Maria in de Kerk en in de bijbel
VELEN, zelfs in katholieke kringen, hebben kritiek geuit op het groeiende aantal aan Maria verleende eretitels, en sommigen vrezen dat de huidige paus, na zijn recente zendbrief, een nieuw dogma zal formuleren betreffende „Maria, middelares van alle genaden”. Veel katholieke geleerden geven toe dat naarmate de Mariacultus in de loop der eeuwen groeide, ook het aantal eretitels groeide. (Zie middenkolom.)
In het boek La Vergine Maria (De Maagd Maria) wordt echter door de Franse theoloog René Laurentin, die beschouwd wordt als de grootste expert op het gebied van de mariologie, bevestigd dat er in de hele tweede eeuw G.T. vrijwel nooit van Maria gewag wordt gemaakt en dat er in de oude wereld vóór de derde eeuw geen spoor te vinden is van festiviteiten of gebeden ter ere van haar. Bovendien ontstonden de katholieke dogma’s betreffende Maria betrekkelijk laat in de geschiedenis en hebben ze geen bijbelse basis.
Voorbeelden:
De Kerk leert dat Maria de Theotokos („God-barende” of „Moeder van God”) is, een titel die haar pas na de vierde eeuw werd gegeven. Hij komt niet in de bijbel voor.

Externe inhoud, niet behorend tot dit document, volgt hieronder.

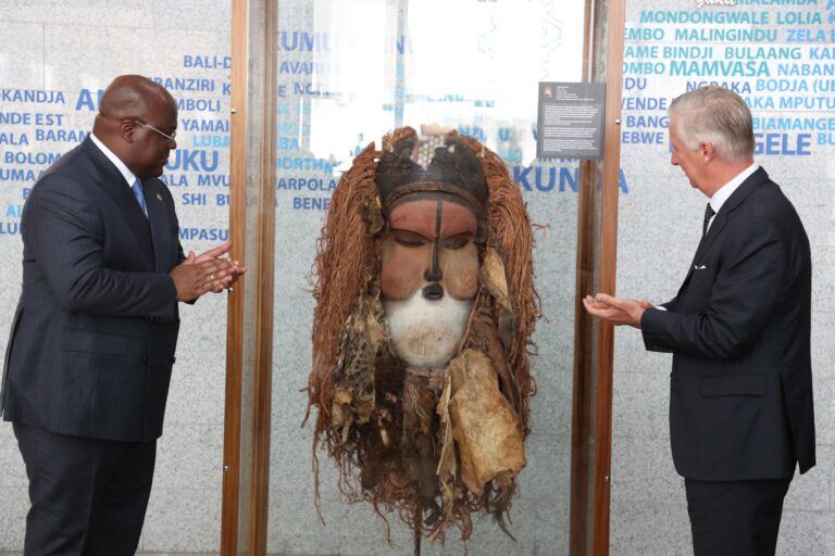 Le roi des belges, Philippe, a restitué ce mercredi 8 juin 2022, à la RDC un masque d’origine congolaise de la tribu Suku dénommé Kakuungu, après une brève allocution prononcée au musée national du Congo, situé dans la commune de Lingwala à Kinshasa.
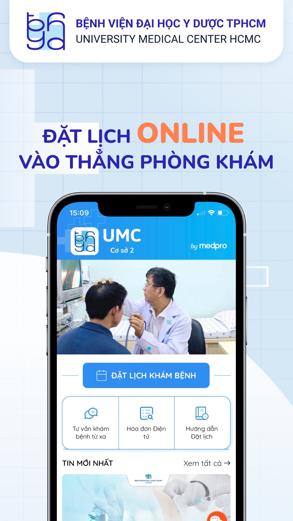 UMC2 – Đặt lịch khám bệnh là một phần mềm đăng ký khám bệnh trực tuyến tại Bệnh Viện Đại Học Y Dược Thành Phố Hồ Chí Minh Cơ sở 2. Thông qua ứng dụng UMC2 bệnh nhân có thể: Đăng ký khám bệnh, Thanh toán tiền khám, Nhận phiếu khám bệnh, Tạo hồ sơ bệnh nhân, Quản lý hồ sơ bệnh nhân, Quản lý phiếu khám bệnh, Tư vấn sàng lọc bệnh… hoàn toàn trực tuyến ở mọi lúc mọi nơi mà không cần phải đến bệnh viện để xếp hàng và chờ đợi.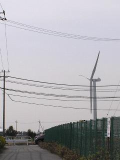 そんなことより、ちゃんとまわってるなー(あたりまえだけど)。っていうか、風がやむとちゃんと止まるんじゃん(それもあたりまえ)。羽長いよねー。なんでこんな長くて重そうなものが風の力だけでまわるんだろ。オモチャのかざぐるまはカラカラカラっとすごい速さでまわるのに、大風車はワサッワサッワサッとゆっくりまわるよね。いやいや、速さは回転数とはちがうぞ。あの羽の長さだもん。先端の速度をはかったら、きっとものすごいにちがいないのだわ。羽までかなりの距離があるはずだけど、くるっとまわって一番下まで来る時に、かすかに風を切る音がするよ。ああ、普段つかわない感覚を刺激されて見てるとめまいがする〜。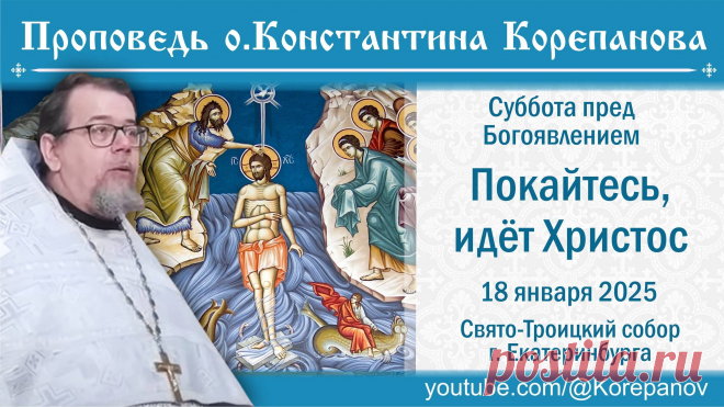 🔻Текст проповеди (разверни)🔻 СУББОТА ПРЕД БОГОЯВЛЕНИЕМ Покайтесь, идет Христос Проповедь священника Константина Корепанова на Божественной литургии в Свято-Троицком кафедральном соборе Екатеринбурга. Во имя Отца и Сына и Святаго Духа. ... Покайтесь, ибо идет Тот, у Которого я не достоин развязать сандалии на ногах Его. Это Тот, Кто будет крестить вас Духом Святым и огнем, Тот, Кто возьмет грехи ваши. Агнец Божий, Спаситель мира, Мессия – как бы мы Его ни называли, – ...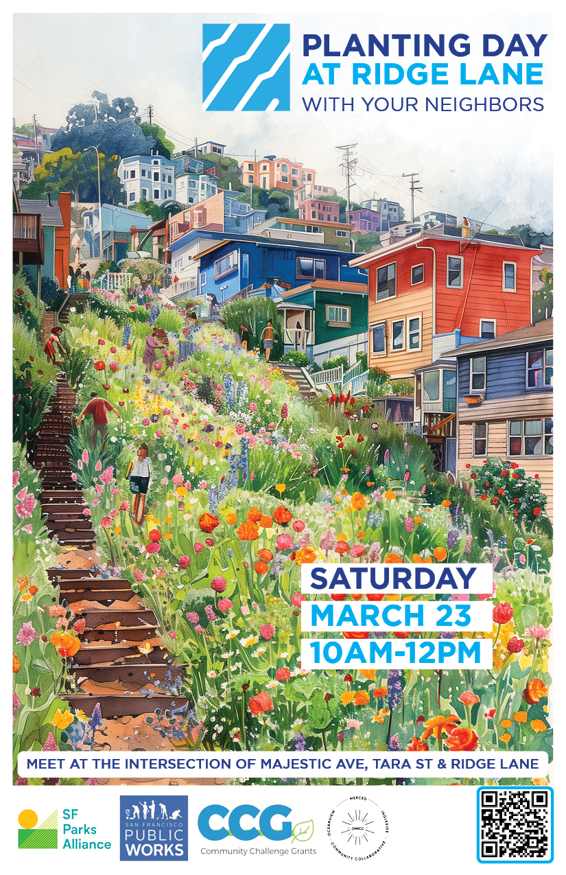 Hi Neighbors! Please join us for the a Ridge Lane planting day! Saturday, March 23rd from 10AM to 12PM. Join neighbors planting some new plants up the lane at the intersection of Ridge Lane and Majestic Ave. If you can, please bring some tools — gloves, brooms and compost bags will be provided. Plants willContinueContinue reading “Join us for a Planting Day! Saturday, March 23 10AM-12PM”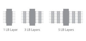 Lắng đọng nhiều lần cho phép tạo ra các cấu trúc đa lớp trên đế rắn. Các chu trình LB và LS cũng có thể được kết hợp để đạt được các cấu trúc và độ dày mong muốn. Kiểu lắng đọng đa lớp phổ biến nhất là đa lớp kiểu Y, trong đó lớp đơn phân tử được lắng đọng theo cả hai hướng lên và xuống. Nếu lớp đơn phân tử chỉ được lắng đọng theo một hướng (lên hoặc xuống), cấu trúc đa lớp sẽ được gọi là kiểu Z hoặc kiểu X. Trong một số trường hợp, các cấu trúc trung gian có thể xuất hiện trong màng LB, và chúng thường được gọi là đa lớp kiểu XY.
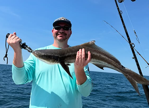 Cobia are targeted on offshore fishing charters and may also be encountered on nearshore trips depending on conditions. These trips focus on staying flexible and taking advantage of opportunities as they arise throughout the day.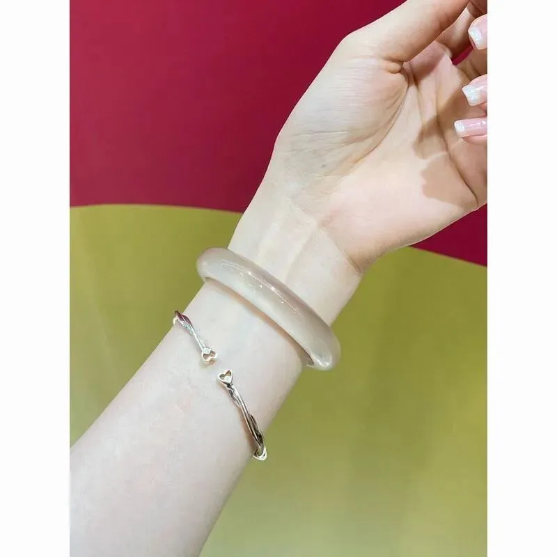 >冰透高冰玛瑙手镯女天然玉髓镯子冰种翡翠玉手镯女款白月光玉镯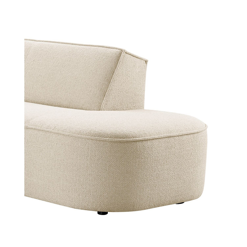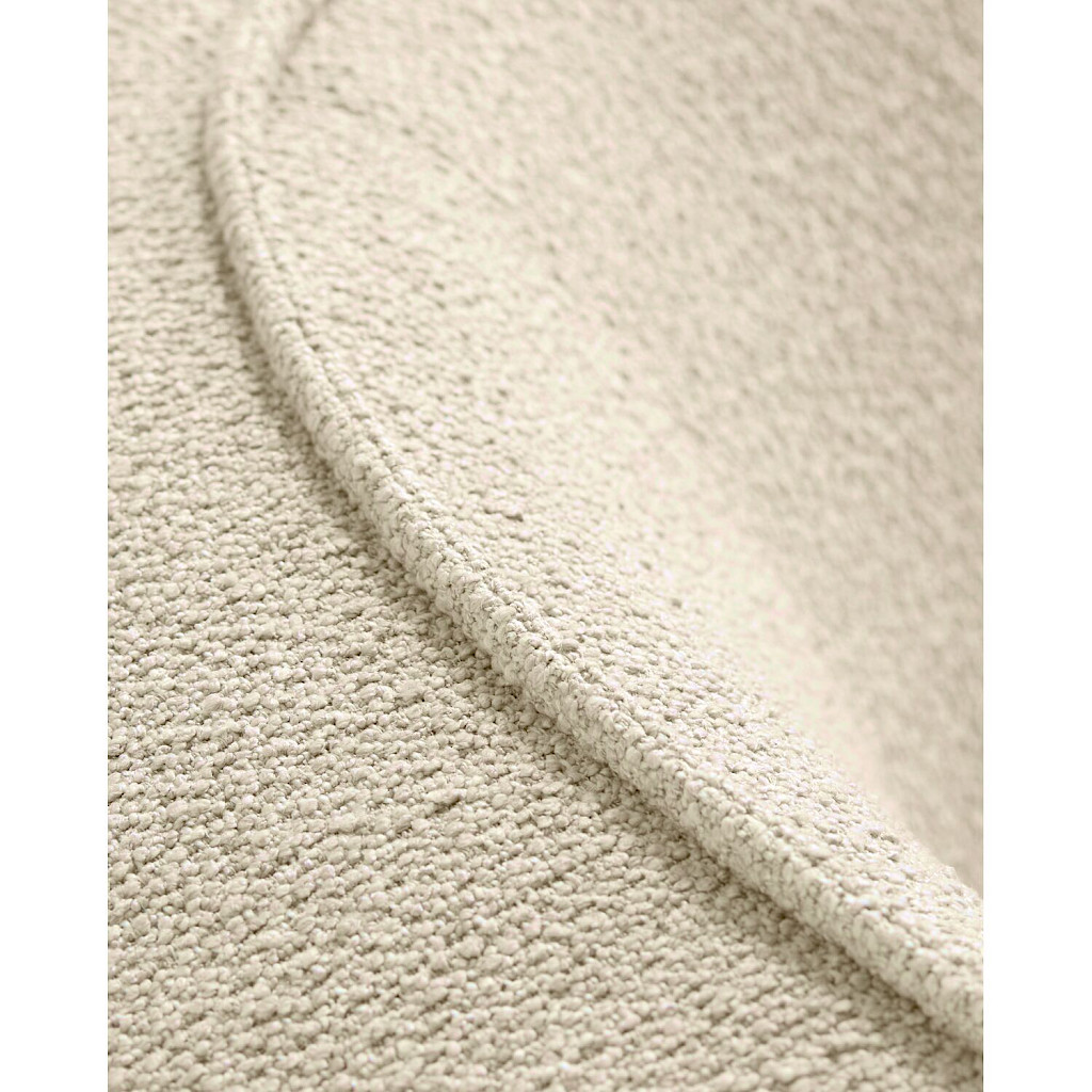 Hoek met eiland L190 breed rond links + 2 zits zonder armen + hoek met eiland L220 rond rechts in stof rhythm 01-naturel met 2 lagen HR-koudschuim in de zitting, polyetherschuim in de rug en zwarte kunststof poten (4 cm).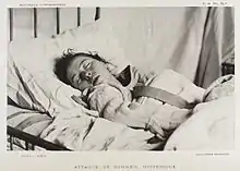Jean-Martin Charcot argued that hysteria derived from a neurological disorder and showed that it was more common in men than women.[4] Charcot's theories of hysteria being a physical condition of the mind and not of the body led to a more scientific and analytical approach to hysteria in the 19th century. He dispelled the beliefs that hysteria had anything to do with the supernatural and attempted to define it medically.[15] Charcot's use of photography,[16] and the resulting concretization of women's expressions of health and distress, continued to influence women's experiences of seeking healthcare.[17] Though older ideas persisted during this era, over time female hysteria began to be thought of less as a physical ailment and more of a psychological one.[18]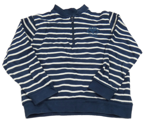 Tmavomodro-biela pruhovaná mikina s výšivkou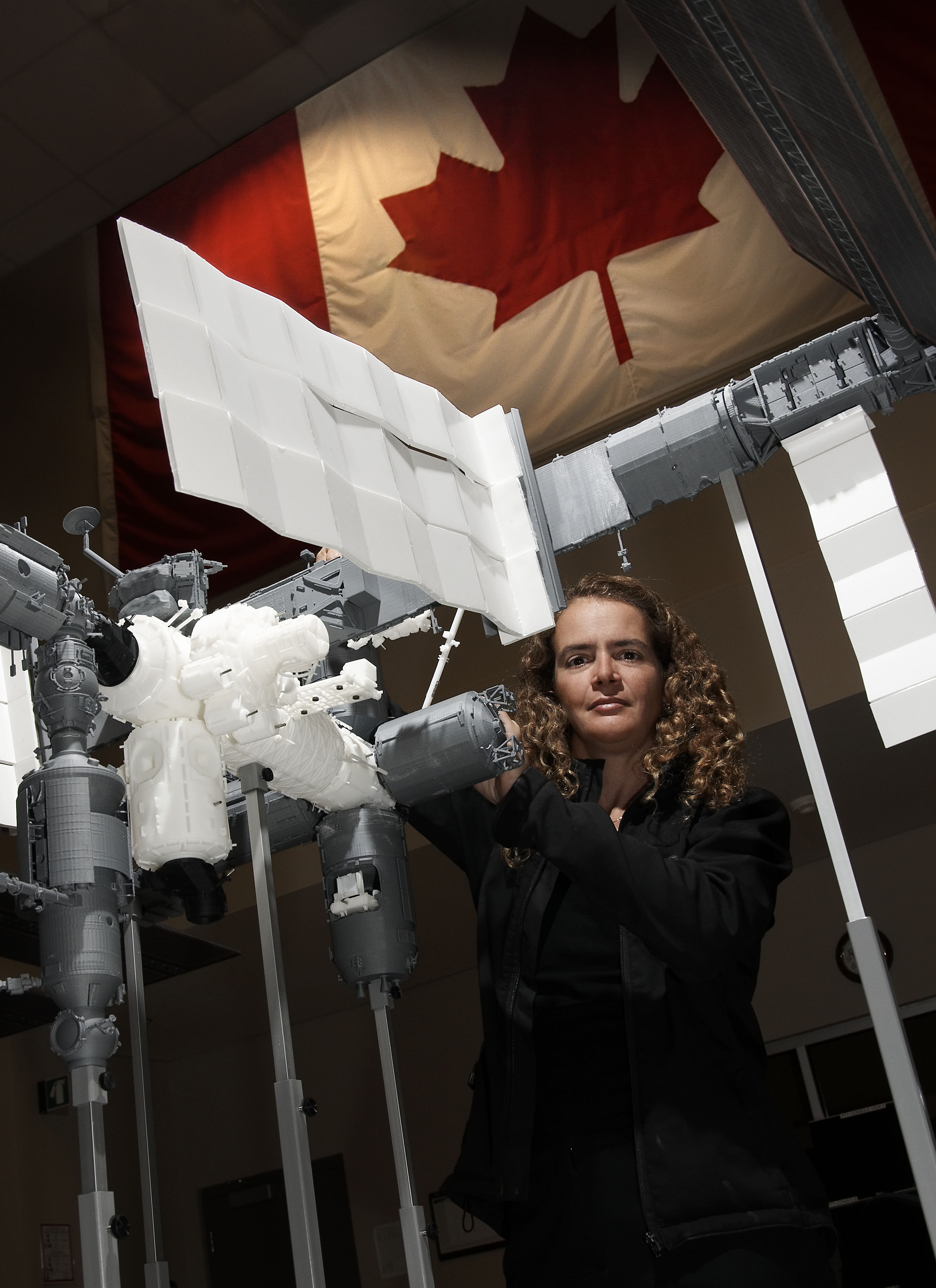 L’astronaute de l’Agence spatiale canadienne Julie Payette examinant une maquette de la Station spatiale internationale (ISS) au siège social de l’Agence à Saint-Hubert. (Source : .)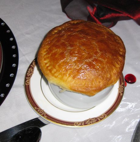 Underneath the puff pastry is a rich and tasty roasted tomato soup. |

De Kerk beweert dat zij altijd maagd is gebleven. Hoewel de bijbel wel specifiek verklaart dat Maria „een maagd” was voordat zij Jezus baarde, „wordt in het Nieuwe Testament van maagdelijkheid na de geboorte geen gewag gemaakt”, schrijft de katholieke theoloog Laurentin. De bijbel geeft duidelijk te kennen dat zij kinderen bij Jozef kreeg. — Lukas 1:27; Matthéüs 13:53-56, The Jerusalem Bible.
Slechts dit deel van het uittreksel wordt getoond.